When assessing the size of the snail shell in terms of its commercial value, despite the shorter length in the N-Ag group, it can be concluded that it was good in all groups and fell within the accepted standards. Lazaridou-Dimitriadou et al. [
36] states that the commercial size of
Cornu aspersum (Müller) snails should be 25–32 mm. In our study, in the group where snails were the smallest (N-Ag), their size was 30.31 mm, while the size even exceeded 33 mm in the K and EM groups. The sizes achieved by the nano-Ag groups can be considered to be more in line with commercial expectations.
The experimental factors applied did not have a negative effect on the Ca content of the shells, and even in the N-Ag and EM groups, it was significantly higher compared to the control group. Thus, this research shows that the applied experimental factors do not have a negative effect on the quality of the shells, which is important for breeders from the point of view of the commercial value of the product, and even the use of nano-Ag can improve the quality of the shells.

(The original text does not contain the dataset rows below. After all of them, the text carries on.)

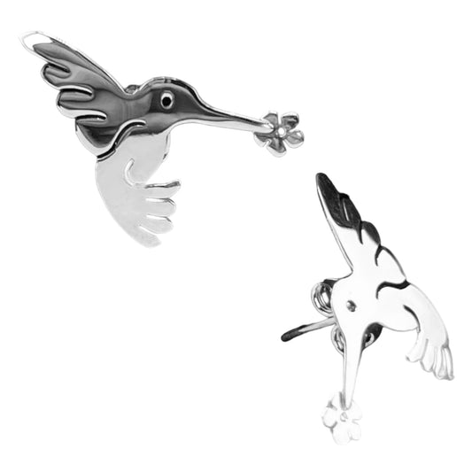 Sterling Silver .925 POST Earrings 17mmx20mm Hummingbird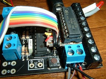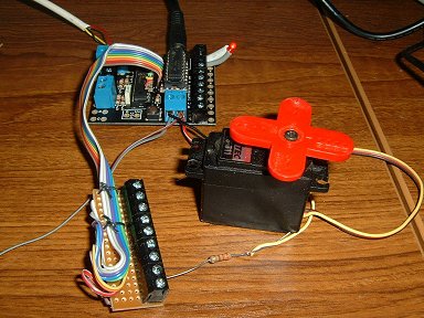 Cut another strip of Veroboard, 18 copper strips x about 7 holes and solder a 9-way terminal block (8 outputs and 0v) along one edge. Join the two boards together with a short length of ribbon cable. On the "socket board", I just soldered the wires to the copper without threading them through the holes otherwise there's a risk of the wires touching the pins on the 18M2 PICAXE chip below. I tied the cable down to both pieces of Veroboard to reduce the strain on the solder connections. Remove the ULN2803 from the 18M2 Project Board and insert it into our new socket. Insert our board into the vacated socket with the ribbon cable on the side closest to the PICAXE chip. Job done! The photo below shows an LED being switched from the ULN2803 (output B.7 and +5v) and the pulse input of a servo being controlled directly from the PICAXE (output B.0 and 0v).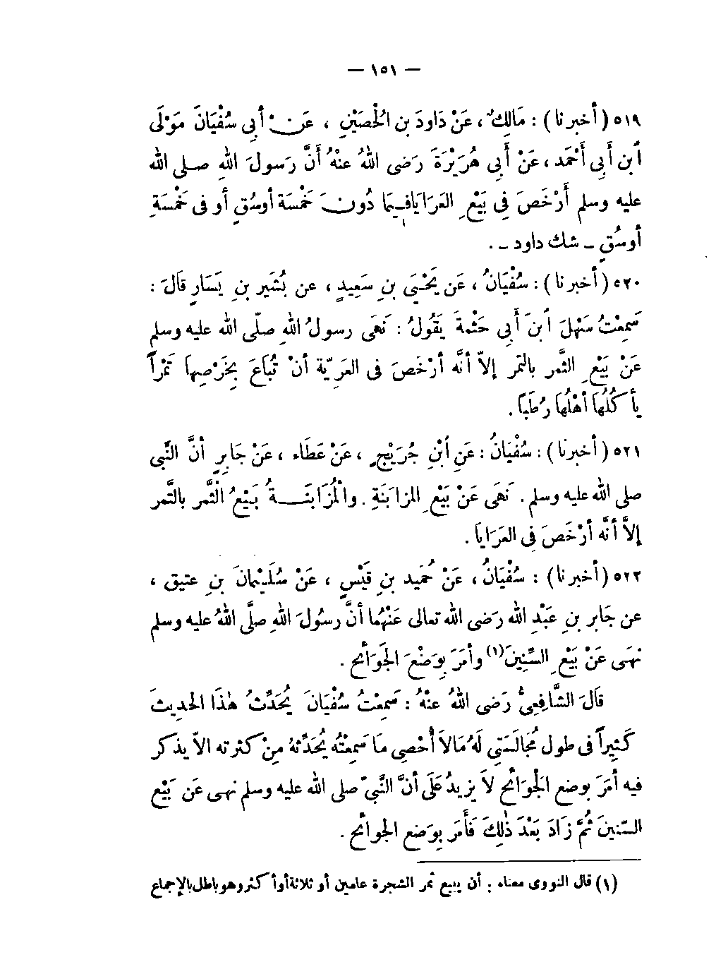 قالَ الشَّافِعيُّ رَضِيَ اللَّه عَنْهُ: سَمِعْتُ سُفْيَانَ يُحَدِّثُ هذَا الحديثَ كَثيراً في طول مُجَالَسَتي لَهُ مَالاَ أُحْصِي مَا سَمِعْتُه يُحَدِّثهُ مِنْ كَثرته إلا يذكر فيه أمَرَبوضع الجَوائح لاَ يزيدُ عَلَى أنَّ النَّبيَّ صلَّى اللَّهُ عليه وسلم نهَى عنْ بَيْعِ السّنينَ ثُمَّ زَادَ بَعْدَ ذلِكَ فَأَمَرَ بِوَضع الجوائح. -[152]-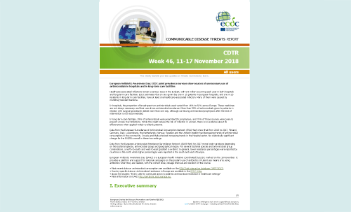 The ECDC Communicable Disease Threats Report (CDTR) is a weekly bulletin for epidemiologists and health professionals on active public health threats. This issue covers the period from 11-17 November 2018 and includes updates on West Nile virus, Ebola virus disease and influenza.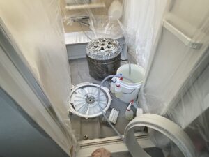 浴室・洗面室(洗濯機場)の周囲へのキズや汚れ防止のための養生をしっかりと行い、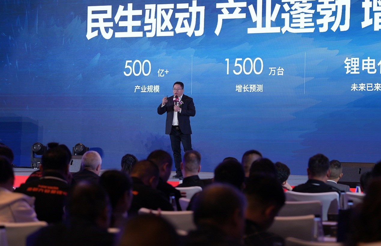 在《白皮书》发布环节,大转盘 民品事业部总经理陈超发布《中国电动三轮、低速四轮车锂电池产业发展白皮书》,系统梳理了低速电动车锂电池的产业现状及市场规模,预判了电动三轮车、低速四轮车锂电化前景,介绍了大转盘 大容量锂电的性能及大转盘 锂电的产业链应用。

The significantly higher silver content in the carcasses in the nano-Ag groups indicates the likely release of silver ions/nanoparticles from the paint surface and their absorption by animals staying on the feed tables. Although the difference in the concentration of silver between the animals living in the environment with nano-Ag and the groups free from these nanomaterials was twofold, the concentration of silver in animal tissues observed in this experiment, based on European Food Safety Authority (EFSA) data [
37], can be considered as nontoxic to humans.

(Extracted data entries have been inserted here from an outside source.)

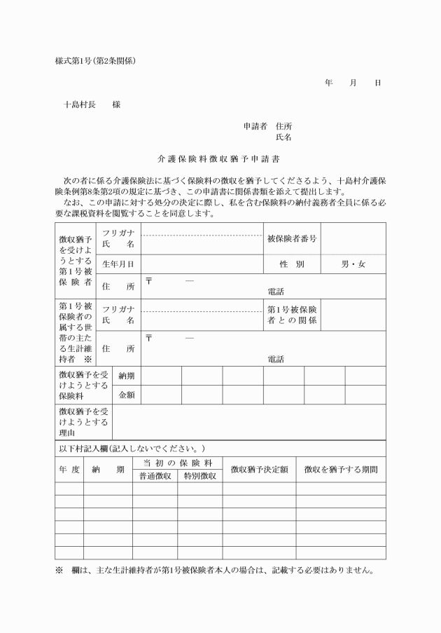 第1条 この規則は、十島村介護保険条例(平成12年条例第10号。以下「条例」という。)第11条の規定による介護保険法(平成9年法律第123号)に基づく保険料(以下「保険料」という。)の猶予の手続き並びに条例第12条の規定による保険料の減免の基準及びその手続きについて必要な事項を定めるものとする。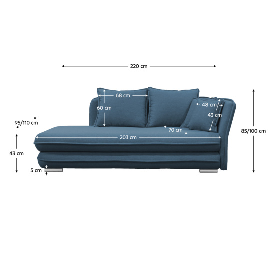Materiál: látka Whisper 12 Oděruodolnost textilie podle testu Martindale: 68 000 oděrů Barva: modrá Rozmery (ŠxHxV): 224x98/107x99 cm Výška sedu: 45 cm Hĺbka sedu: 95 cm Šírka sedu: 203 cm Plastové nožičky Farba nožičiek: strieborná Výška spodného priestoru od podlahy: 5 cm Plocha na spanie (ŠxD): 95x203 cm Nosnosť: 100 kg Celočalúnená Jádro matrace: bonelová pružina S úložným priestorom Dodávaná s vankúšmi Rozmer veľkého vankúša (ŠxH): 68x60 cm Rozmer malého vankúša (ŠxH): 48x43 cm Dodávané v demonte Nabízíme vám možnost objednat si lenošku v 8 barevných provedeních látky Whisper v ceně: 18.890 Kč. Při individuální objednávce je třeba zaplatit 20% zálohu z dané částky. Po uhrazení zálohy bude Váš požadavek zadán do výroby. Doba dodání 6-8 týdnů.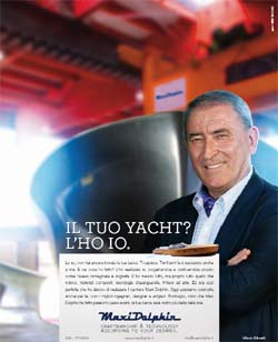 'Il tuo yacht? L’ho io', è la frase pronunciata da Moretti, per la prima volta sponsor per la campagna pubblicitaria di una sua attività. È una head line molto coinvolgente che pone il lettore nella posizione di interlocutore diretto con il cantiere e con chi lo rappresenta, la stessa posizione che ricopre ogni cliente di Maxi Dolphin.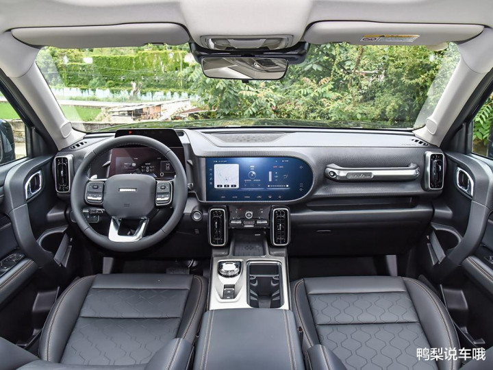 中控配有10.25英寸的全液晶仪表和12.3英寸的中控屏,车机系统比较全面,支持车联网、WiFi热点连接、carplay连接手机投屏、智能语音识别和手机APP远程控制功能。中高配还增加HUD抬头显示。中控下方提供旋钮式电子档杆。握感舒适,操作起来非常顺手,旁边还配备了驾驶模式切换旋钮,旋转之间,就能轻松切换经济、标准、运动、泥地、沙地、雪地等多达 8 种驾驶模式,满足不同路况下的驾驶需求。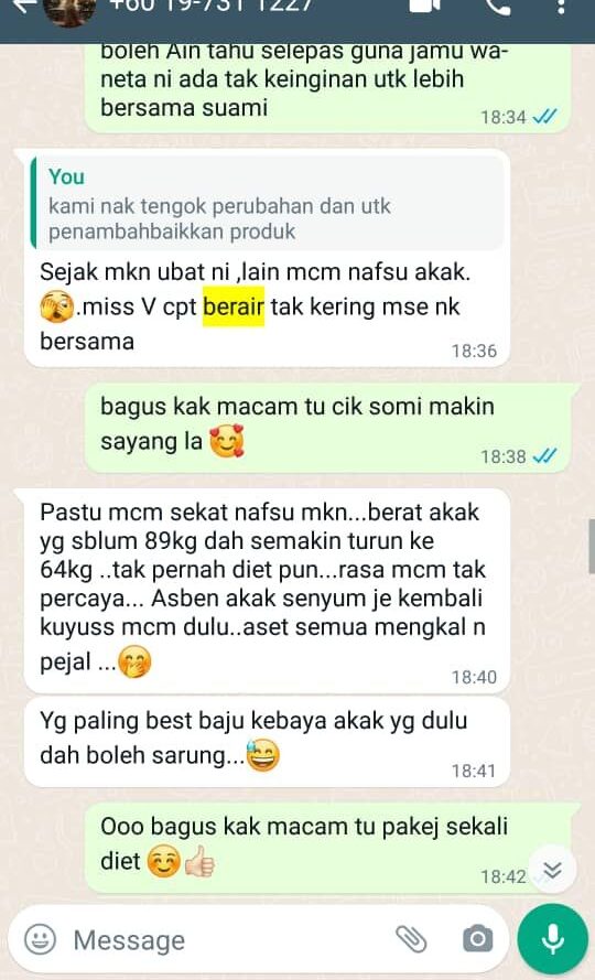 Sebab tu sis terkejut bila kali pertama amalkan Kapsul Jamu Wane-ta ni lepas beberapa minit terus rasa ghairah dan berdenyut. Cik abe pon siap puji dah berair banyak macam dulu-dulu. Memang SEDAP & NIKMAT sangat-sangat bila dah berair + Boleh Klimaks sama-sama!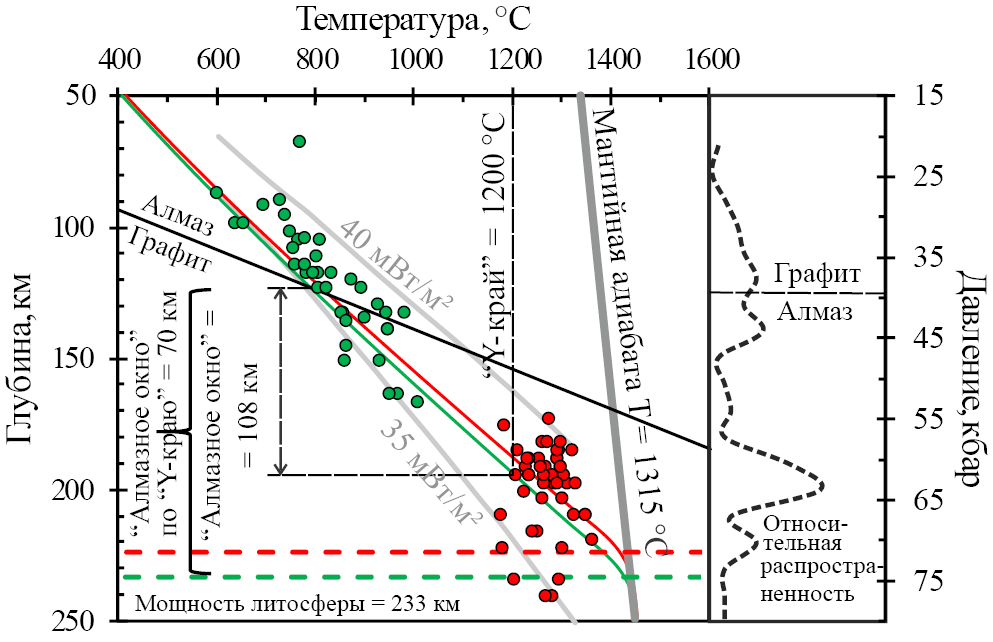 Для АМКП поля мало данных, так как мантийные ксенолиты, найденные на поверхности кимберлитовых трубок сильно изменены, однако в соседнем Далдынском поле есть трубка Удачная, в которой обнаружено много свежих неизменённых ксенолитов и для которой проведено большое количество исследований. Для трубки Удачная в работах [16–18] приведены результаты исследования мантийных ксенолитов, а также с помощью различных термобарометров рассчитаны PT-параметры этих ксенолитов. В работе [16] приведены PT-оценки хромдиопсидов из ксенолитов трубки Удачная в том числе и по мономинеральному клинопироксеновому термобарометру NT00. Мы использовали приведённые в работе [16]. PT-оценки клинопироксенов для реконструирования палеогеотермы под трубкой Удачная для того чтобы сравнить палеогеотерму, мощности литосферы и “алмазного окна” под трубками Юбилейная и Удачная. Исследованные ксенолиты трубки Удачная [16–18] представлены крупнозернистыми перидотитами (рис. 4, зелёные кружки), а также переходными и катаклазированными перидотитами (рис. 4, красные кружки). Переходные и катаклазированные перидотиты характеризуются высокими температурами равновесия (>1200 °С), что может быть связано с локальным тепловым воздействием астеносферы на глубинную часть литосферной мантии. Для реконструирования палеогеотермы использованы хромдиопсиды только из ксенолитов, где клинопироксен находится в равновесии с ортопироксеном и гранатом [16]. Были использованы такие же значения теплогенерации и мощности верхней и нижней коры как для трубки Юбилейная. Результирующий поверхностный тепловой поток для трубки Удачная составил 35.1 мВт/м2, при мощности литосферы 224 км, и мощности “алмазного окна” 99 км (см. рис. 4). По причине высоких температур равновесия мы исключили хромдиопсиды из переходных и катаклазированных перидотитов и использовали только хромдиопсиды из крупнозернистых перидотитов. В результате тепловой поток составил 34.7 мВт/м2, мощность литосферы 233 км, мощность “алмазного окна” 108 км, а мощность “алмазного окна”, определённая по “Y-краю” в гранатах согласно [9] составляет 70 км (от 125 до 195 км) (см. рис. 4).

The analysis of snail carcasses in terms of the content of fat oxidation products (TBARS), however, indicates the pro-oxidative properties of silver nanoparticles contained in the paint covering the feed tables. Higher Ag content in the carcasses of snails from the N-Ag and N-Ag + EM groups was also accompanied by a higher concentration of TBARS in these groups, which indicates more intense fat oxidation processes. The lower level of lipid oxidation in the N-Ag + EM group compared to N-Ag group may also indicate the alleviating effect of using the probiotic preparation with EM. This could be due to improvement of the microbiological composition of the gastrointestinal tract of snails in the N-Ag + EM group and thus better use of dietary ingredients, including bioactive compounds, which had an antioxidant effect. However, the use of the EM preparation did not fully neutralize the pro-oxidative effect of nano-Ag as the TBARS level in the N-Ag + EM group was higher compared to the control (K) and EM groups.

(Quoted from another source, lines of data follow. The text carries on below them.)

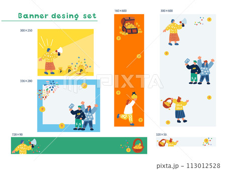 手書きのイラスト ポイントやコイン、人々のバナーデザインセット
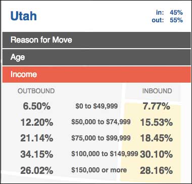 Each year, United Van Lines publishes a migration study between states. This is helpful because while the government provides good population given census data, other years are just estimates. The United Van Lines study also provides data on what demographics are moving, which is helpful. So, what does Utah migration look like in 2015, according to United Van Lines Data? In the graphics below, you’ll see that the moving company’s data shows people are leaving Utah.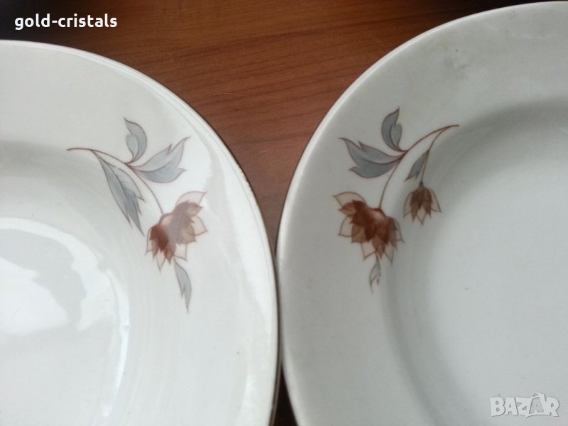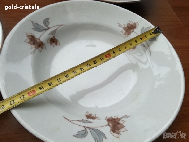 Стар български порцелан чинии дълбоки златен кант 5бр -15лв едната е с малка разлика с следи от ползване на прибори без чукнато или пукнато сервиз комплект сет лот ретро арт декор винтидж колекция стари за основно 6бр -35лв дълбоки 6бр-30лв без забележки златен кант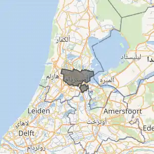 ![]() Highlighted position of Amsterdam in a municipal map of North Holland الموقع في شمال هولندا | |||

The issue of oxidative properties of silver nanoparticles has been analyzed in many studies. Docea et al. [
38] found that silver nanoparticles, when administered to rats in the form of various compounds, had an antioxidant activity, including a reduction in the level of TBARS in the plasma compared to the control group, which was not administered nano-Ag compounds. The antioxidant effect of silver nanoparticles was also found in the studies by Singh et al. [
39] and Das et al. [
40]. It has been indicated that these properties of silver nanoparticles allow their use in products used in medicine [
41]. However, in studies by Patlolla et al. [
42], administration of silver nanoparticles to rats increased the formation of ROS. In studies by Foldbjerg et al. [
43], silver nanoparticles induced oxidation processes on human monocyte lines, leading to their apoptosis and necrosis. The mechanism of oxidative stress induction by silver nanoparticles may be related to the generation of reactive oxygen species (ROS) inside cells by silver ions on the surface of nanoparticles or released from them [
43,
44,
45].
The increased intensity of oxidation processes found in our research in the nano-Ag groups could be the cause of worse growth of snails in these groups.